Largest Sum in a Circular Array

medium array dp kadane

Problem

Given a circular integer array, return the maximum non-empty subarray sum. A subarray may wrap around the end into the beginning, but each index is used at most once.

Either the best subarray is contiguous (standard Kadane gives maxSum) or it wraps. The wrapping case is the complement of the smallest contiguous subarray, so its sum is total − minSum. Return max(maxSum, total − minSum).

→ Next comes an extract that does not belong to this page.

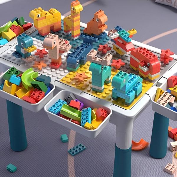 Масата може да се използва и от двете страни, като едната е предназначена за сглобяване на блокчета, а другата е с плоска повърхност.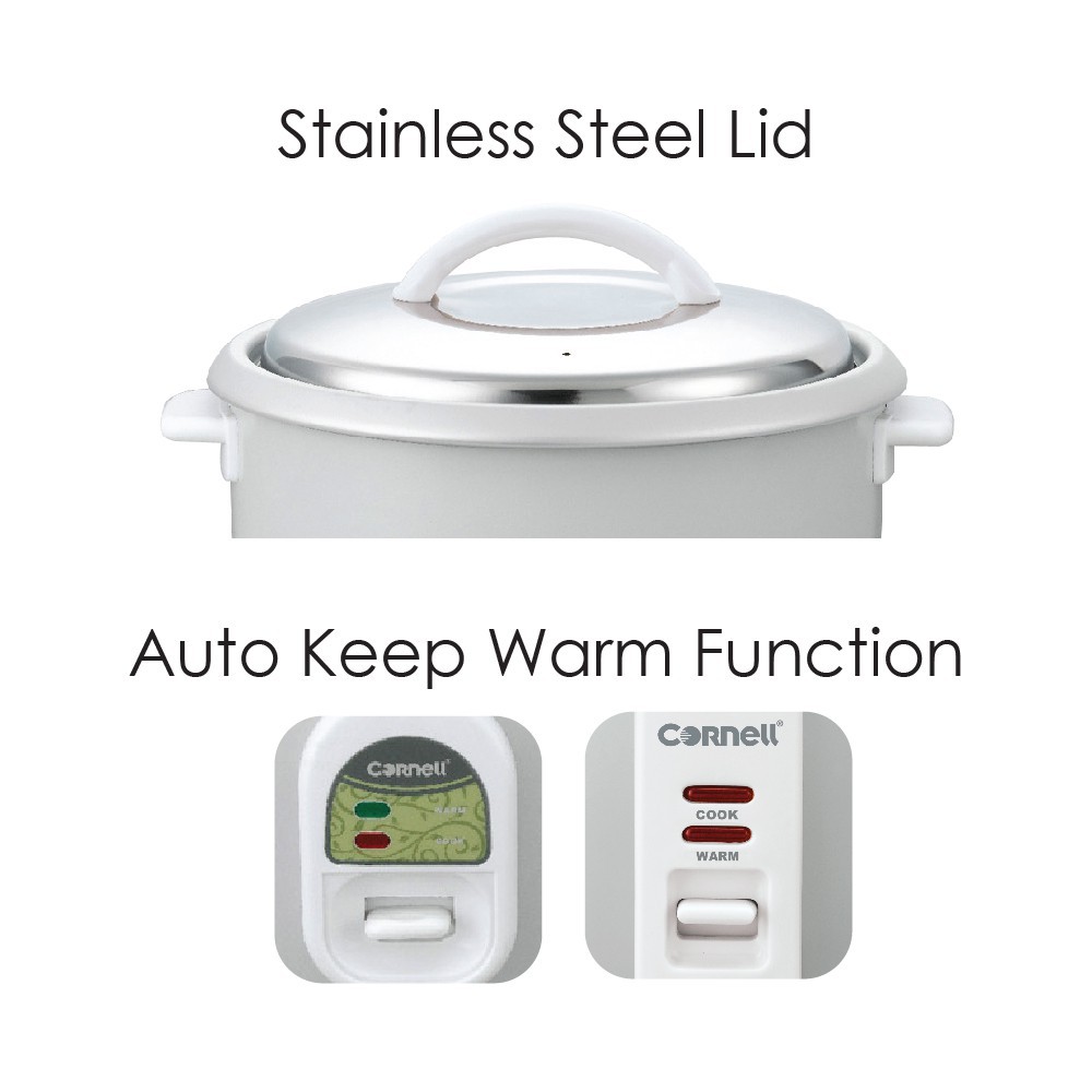 Cornell Rice Cooker 2.8L CRC-CS128GY Aluminium inner Post, Keep Warm Junction | Cornell Periuk Nasi 2.8L

Edge case: if every element is negative, total − minSum is 0 (empty complement) — fall back to maxSum.

Inputnums = [5, -3, 5]

Output10

Total 7, minSum -3 → wrap = 7 − (−3) = 10. maxSum (no wrap) = 7. Answer: 10.

nums (comma-separated)

def max_circular(nums):
    total = 0
    cur_max = best_max = nums[0]
    cur_min = best_min = nums[0]
    total += nums[0]
    for x in nums[1:]:
        cur_max = max(x, cur_max + x); best_max = max(best_max, cur_max)
        cur_min = min(x, cur_min + x); best_min = min(best_min, cur_min)
        total += x
    if best_max < 0: return best_max
    return max(best_max, total - best_min)

function maxCircular(nums) {
  let total = nums[0];
  let curMax = nums[0], bestMax = nums[0];
  let curMin = nums[0], bestMin = nums[0];
  for (let i = 1; i < nums.length; i++) {
    const x = nums[i];
    curMax = Math.max(x, curMax + x); bestMax = Math.max(bestMax, curMax);
    curMin = Math.min(x, curMin + x); bestMin = Math.min(bestMin, curMin);
    total += x;
  }
  if (bestMax < 0) return bestMax;
  return Math.max(bestMax, total - bestMin);
}

public int maxCircular(int[] nums) {
    int total = nums[0];
    int curMax = nums[0], bestMax = nums[0];
    int curMin = nums[0], bestMin = nums[0];
    for (int i = 1; i < nums.length; i++) {
        int x = nums[i];
        curMax = Math.max(x, curMax + x); bestMax = Math.max(bestMax, curMax);
        curMin = Math.min(x, curMin + x); bestMin = Math.min(bestMin, curMin);
        total += x;
    }
    if (bestMax < 0) return bestMax;
    return Math.max(bestMax, total - bestMin);
}

int maxCircular(vector<int>& nums) {
    int total = nums[0];
    int curMax = nums[0], bestMax = nums[0];
    int curMin = nums[0], bestMin = nums[0];
    for (int i = 1; i < (int)nums.size(); i++) {
        int x = nums[i];
        curMax = max(x, curMax + x); bestMax = max(bestMax, curMax);
        curMin = min(x, curMin + x); bestMin = min(bestMin, curMin);
        total += x;
    }
    if (bestMax < 0) return bestMax;
    return max(bestMax, total - bestMin);
}

Time: O(n) Space: O(1)